Придите, явленные сроки, мессии, судьи и пророки,
В голодный нищий закуток.
И напою грузинским чаем, и, чтобы не сойти с ума,
Зажгу дешевыми свечами, рабочих рук своих лучами
Тебя, Египетская Тьма.
КСЕНIЯ БЛАЖЕННАЯ (ПЕТЕРБУРГСКАЯ)
…Охъ, ласточка, Ксеничка,
Дамъ Тебе я денежку –
Не смети-ка веничкомъ,
Куда жъ оно денется,
Траченное времячко,
Куда задевается –
Милостынька, лептушка:
Ксеньей прозывается –
Тише!.. – наша смертушка…
…Я не знаю, сколь мне назначено – сдюжить.
Сколь нацежено – стыть.
Какъ въ платокъ после бани, увязываюсь во стужу
И во тьму шагаю: гореть и любить.
Отъ Земли Чудской до Земли Даурской
Линзой слезной меряла гать…
Анъ какъ вышло: Ксенькою Петербургской
На кладбище чухонскомъ внезапно – стать.
Спать въ болезныхъ платкахъ подъ глухимъ заборомъ.
Хоромъ выплакать – бред
Одинокiй. И пить самогонку съ воромъ,
Ему счастья желая и много летъ!
И везде – ахъ, охальница, Охта, стужа,
Плащаница чернаго Суднаго Дня!.. –
Появляться въ залатанномъ платье мужа,
Да не мертваго, а – убившаго мя.
Помню, какъ хрипела.

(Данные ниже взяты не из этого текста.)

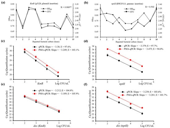 Dual-plex quantitative qPCR and propidium monoazide (PMA)-qPCR assays targeting KmR/dxs and nptII/dxs using serially diluted cell suspensions. (a,b) optical density at 600 nm (OD600) and colony-forming units ((CFU)/mL)) for 10 replicates of E. coli strain pJ281 and BW25113 cell culture, respectively; (c,d) linear regression of qPCR and PMA-qPCR for KmR and nptII, respectively; (e,f) linear regression of qPCR and PMA-qPCR for dxs of the two strains, respectively. Black triangles with dotted line represent OD600 values; black dots with solid line represent CFU/mL. Black and red dots with dotted lines denote average Cq values of qPCR and PMA-qPCR at each serial cell dilution, respectively. E—qPCR efficiency. ** p < 0.01.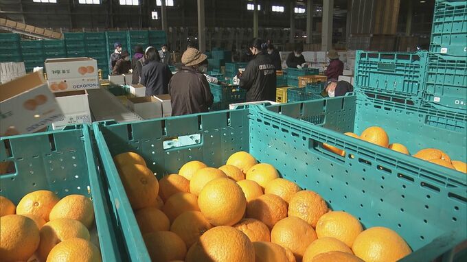 三重県御浜町周辺では100軒以上の農家がデコポンを栽培していて、JAの選果場では従業員が一つ一つ傷や日焼けがないかなどを確かめながら、箱詰め作業に追われています。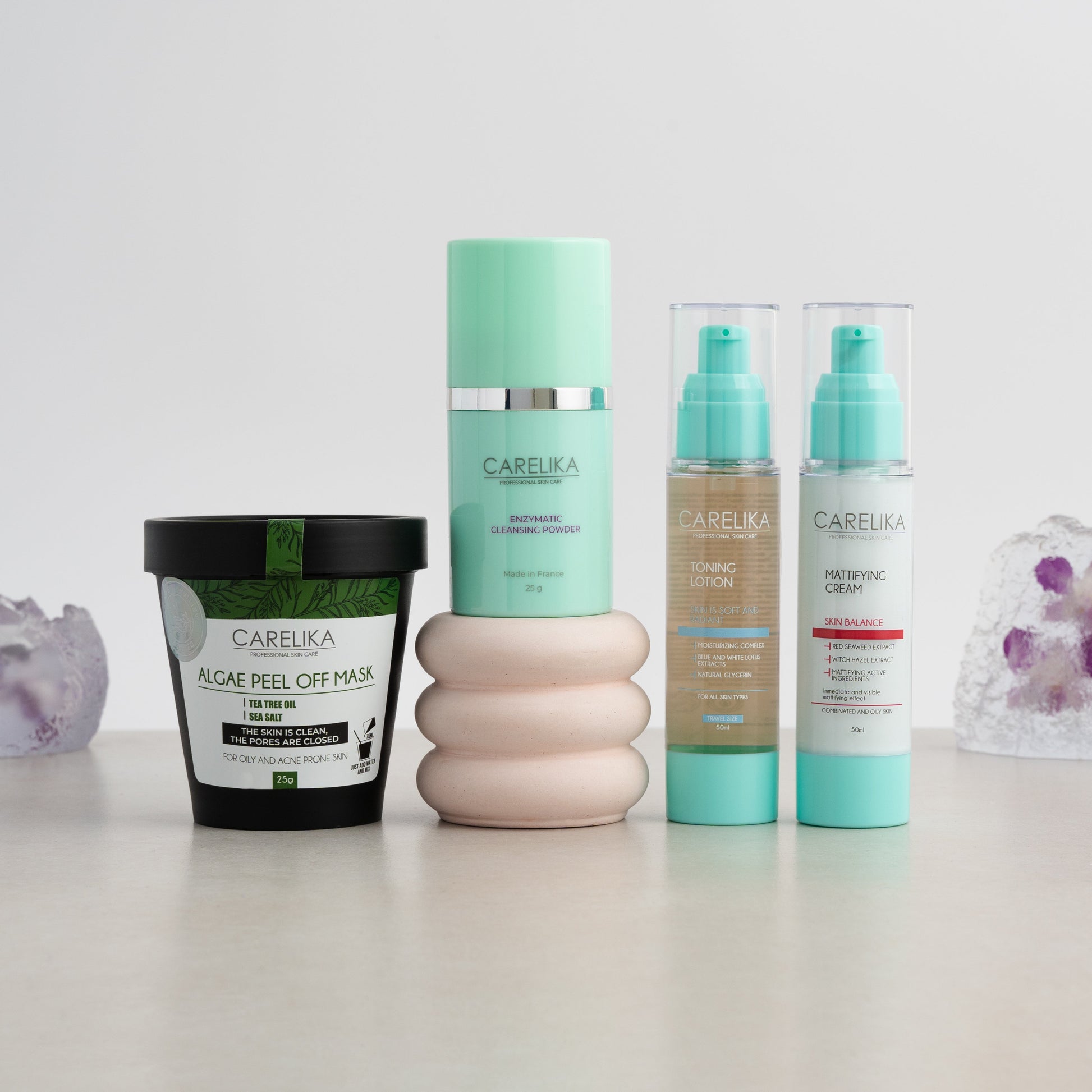 Do you have acne-prone skin? Carelika brings you a holistic approach to a scientifically proven combination of facial treatments to control nasty acne outbreaks. This kit helps you with an acne-fighting regimen that begins with cleansing your skin to remove dead cells and impurities. After cleansing you need toning. Our toning liquid hydrates every cell of your skin, and balances excess sebum production leaving it soft and soaking it with essential nutrients. Then you need a face mask that has all the goodness of tea tree oil which is antibacterial and perfect for acne-prone skin. You can simply end the ritual with a mattifying cream that nourishes your skin.

Какъ вырывалась –
Языками огня –
Изъ клещей, не знавшихъ, что Божья Жалость
Воскреситъ, охраня.
И когда… очухалась, – вся въ кровище!..
Доски пола въ разводахъ струй… –
Поняла: о, каждый живущiй – нищiй,
Всякая милостыня – поцелуй.
И съ техъ поръ какъ бы не въ себе я стала.
Вся пронзенная грудь.
Завернула въ верблюжье отцовое одеяло
Кружку, ложку, ножикъ, – и въ путь.
Посекаетъ мя снегъ. Поливаютъ воды
Поднебесныхъ морей.
Мне копейку грязные тычутъ народы.
Вижу храмы, чертоги царей.
Отъ Земли Чудской до Земли Даурской
Вижу – несыть, наледь и гладъ.
Вотъ я – въ старыхъ мужскихъ штанахъ!..
Петербургской
Ксеньи – меньше росточкомъ!.. а тотъ же взглядъ…

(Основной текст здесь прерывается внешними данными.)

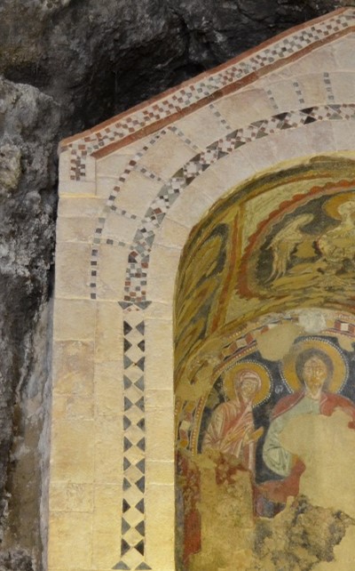 il fronte dellâedicola presente allâinterno del presbiterio della chiesa e quello dei gradini che salgono verso lâedicola stessa, con la loro decorazione a motivo geometrico romboidale dĂŹcromo realizzato alternando tarsie di pietra calcarea bianca a tarsie di pietra lavica nera, riprendono unâornamentazione di gusto orientale (islamico-bizantina) che si era diffusa in Campania

Та же стать! И тотъ же кулакъ угрюмый.
Такъ же нету попятной мне.
Такъ же мстится ночьми: брада батюшки Аввакума –
Вся въ огне, и лицо – въ огне.
Мстится смерть – крестьянской скуластой бабою
въ беломъ,
Словно заячьи уши, беломъ платке…
А мое ли живое, утлое тело –
Воровская наколка на Божьей руке.
И все пью, все пью изъ руки Сей – снеги
Да дожди; какъ слезы людскiя, пью.
А когда увезутъ меня на скрипучей телеге –
Я сама объ томъ съ колокольни пробью
Въ дикiй колоколъ, бедный языкъ богатаго храма
Богородицы, что близъ зимней Волги – убитый медведь…
И въ гробу мои губы разлепятся: “Мама, мама,
Божья Мать, я намерзлась въ мiру, какъ тепло умереть.”
И нетленныя кости мои
подъ камнемъ
все, кому выпало лютой зимой занедужить,
Будутъ такъ целовать,
обливать слезами,
любить!..
…Я не знаю, сколь мне назначено – сдюжить.
Сколь нацежено – стыть.
***
– Я всеми бабами была!.. Всеми!..
– Зима дороги замела… Время…
– А мужики!.. Сколь ребер, сколь тяжких…
– Скусила нить. Утерла боль рубашкой.
– А ты их помнишь?..
– Помню.
– Всех?!..
– Глыбы.
У рта встает мой волчий мех
Дыбом.
– А ну-ка, баба, вот Он – Твой!.. Грозно?!..
И – шелест, вой – над головой:
“Поздно”.
СВЯТАЯ НОЧЬ
…Ночь. Зима. Звезд карнавал. Бубенцы. На конской сбруе –
Серебро. Гостей назвал – и съезжаются, ликуя,
И валят за валом вал: в вышитых тюльпан-тюрбанах,
И дары в ладонях пьяных, и огонь на ятаганах!.. –
Кто лукум в пурге жевал, кто-то – меж горбов верблюда
Так заснул… а сеновал всей сухой травой играл:
Пахло сеном. Пахло чудом.
Гости жарких, дальних стран, призамерзли вы в метели?!..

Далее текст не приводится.